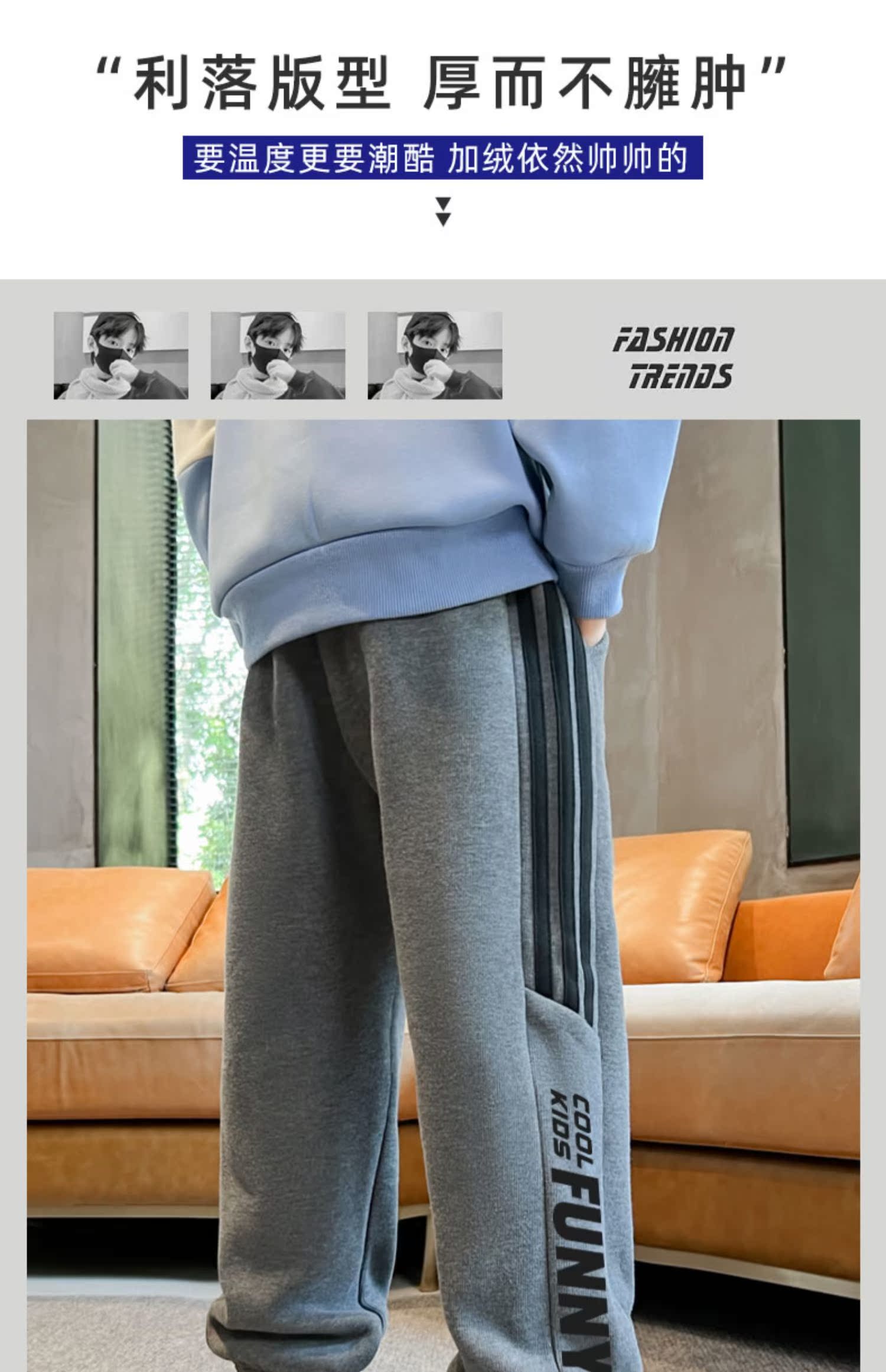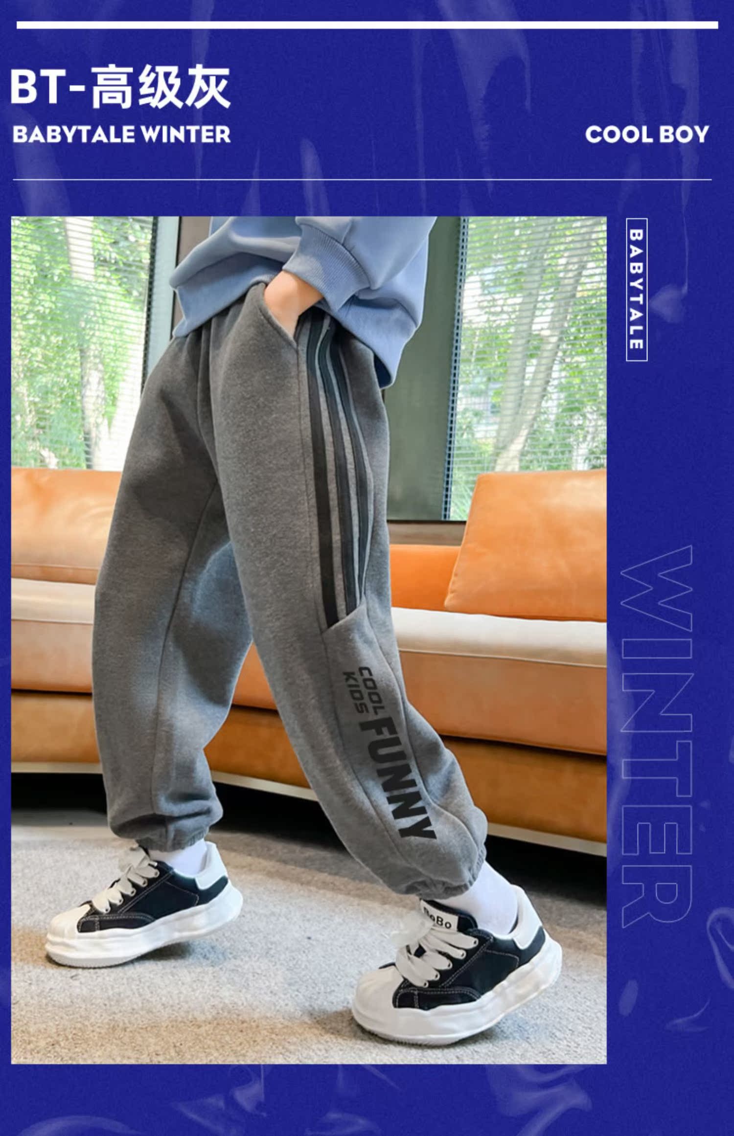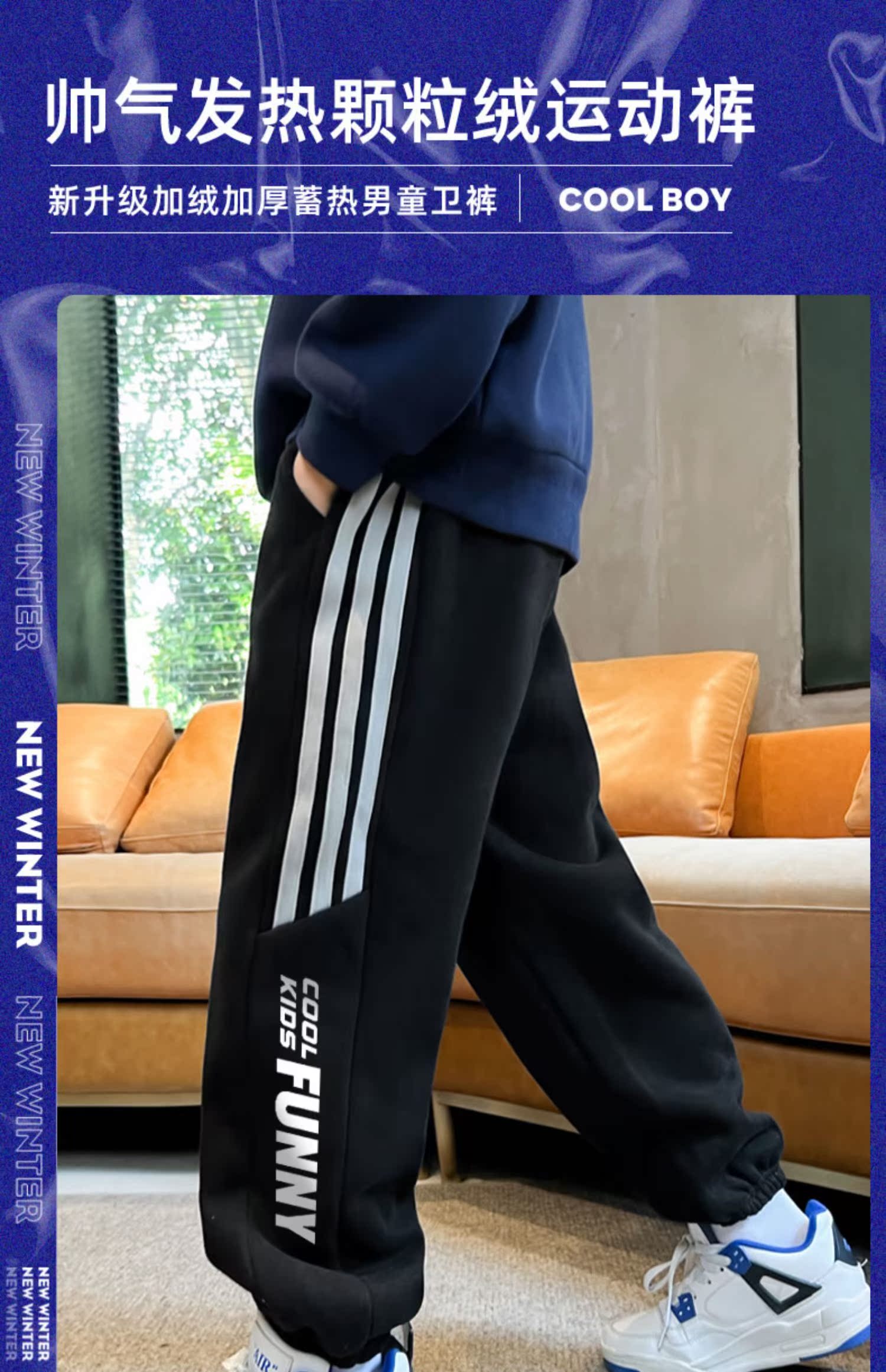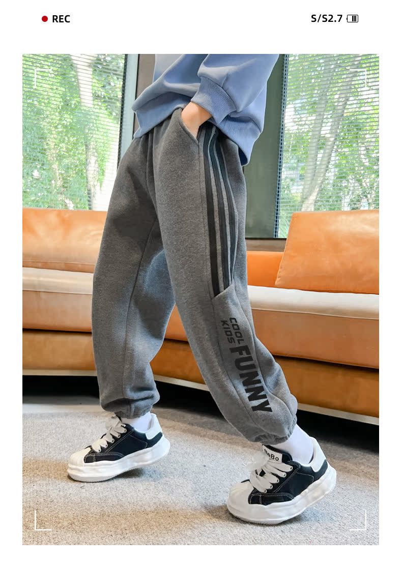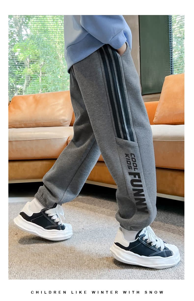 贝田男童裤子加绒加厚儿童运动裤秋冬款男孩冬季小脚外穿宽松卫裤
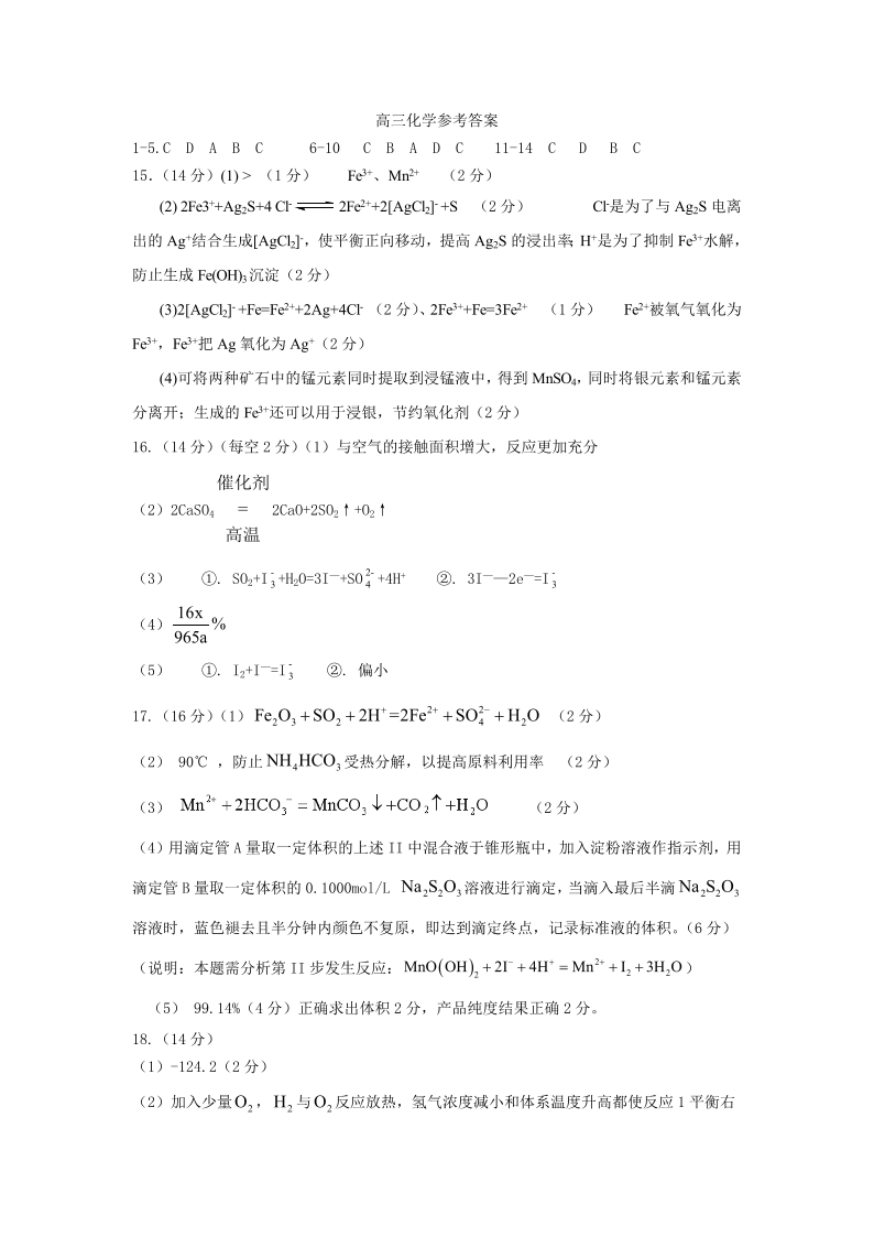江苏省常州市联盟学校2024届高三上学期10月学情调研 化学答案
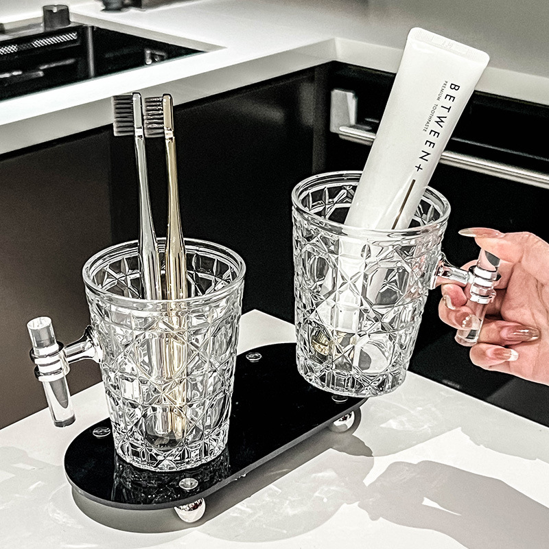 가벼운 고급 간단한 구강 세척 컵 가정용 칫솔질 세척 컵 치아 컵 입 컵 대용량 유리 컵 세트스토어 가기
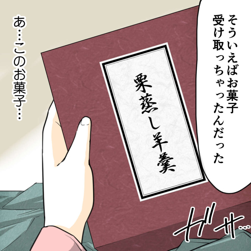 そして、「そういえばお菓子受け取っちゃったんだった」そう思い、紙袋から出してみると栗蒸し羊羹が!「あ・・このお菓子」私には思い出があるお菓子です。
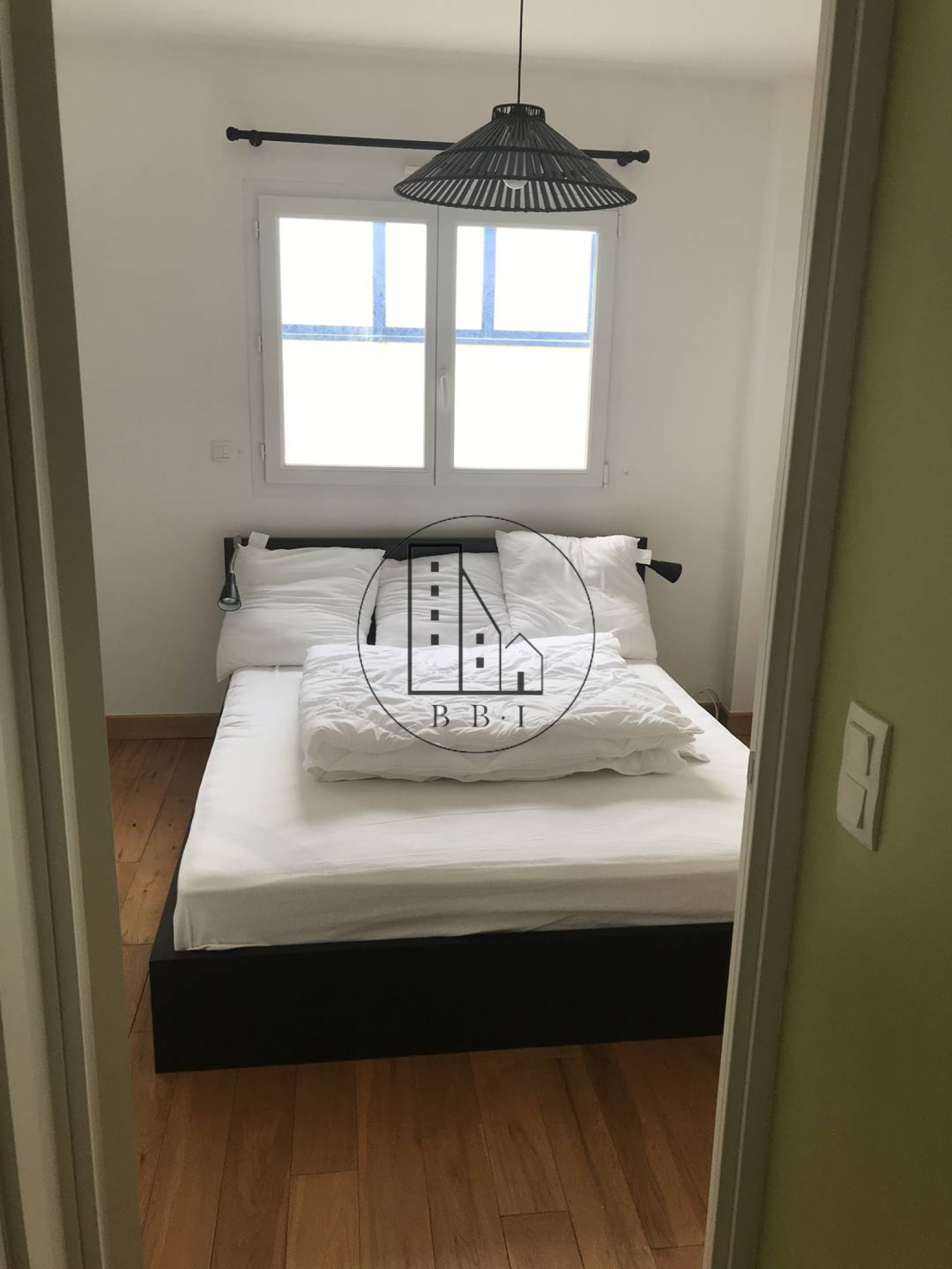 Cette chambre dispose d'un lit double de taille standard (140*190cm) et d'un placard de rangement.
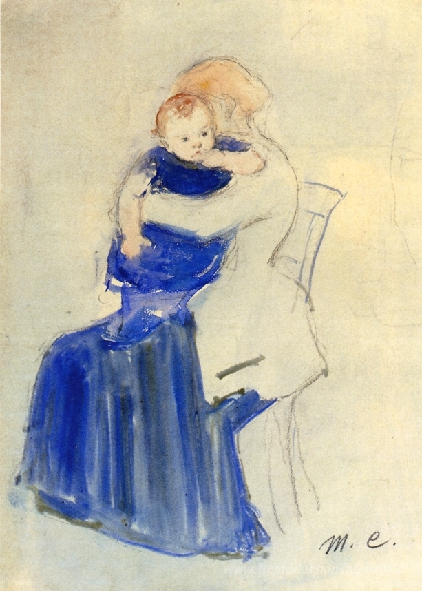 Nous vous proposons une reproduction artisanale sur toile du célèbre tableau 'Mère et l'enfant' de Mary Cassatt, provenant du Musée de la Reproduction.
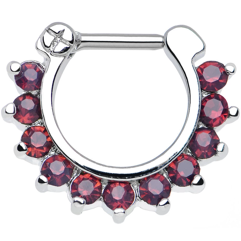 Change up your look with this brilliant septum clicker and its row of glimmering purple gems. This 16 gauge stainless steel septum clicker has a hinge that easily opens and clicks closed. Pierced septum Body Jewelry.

What is required
Would you retype the listing above exactly, omitting its pictures?

Response to this exercise
 贝田男童裤子加绒加厚儿童运动裤秋冬款男孩冬季小脚外穿宽松卫裤
江苏省常州市联盟学校2024届高三上学期10月学情调研 化学答案
 가벼운 고급 간단한 구강 세척 컵 가정용 칫솔질 세척 컵 치아 컵 입 컵 대용량 유리 컵 세트스토어 가기
 そして、「そういえばお菓子受け取っちゃったんだった」そう思い、紙袋から出してみると栗蒸し羊羹が!「あ・・このお菓子」私には思い出があるお菓子です。
 Cette chambre dispose d'un lit double de taille standard (140*190cm) et d'un placard de rangement.
 Nous vous proposons une reproduction artisanale sur toile du célèbre tableau 'Mère et l'enfant' de Mary Cassatt, provenant du Musée de la Reproduction.
 Change up your look with this brilliant septum clicker and its row of glimmering purple gems. This 16 gauge stainless steel septum clicker has a hinge that easily opens and clicks closed. Pierced septum Body Jewelry.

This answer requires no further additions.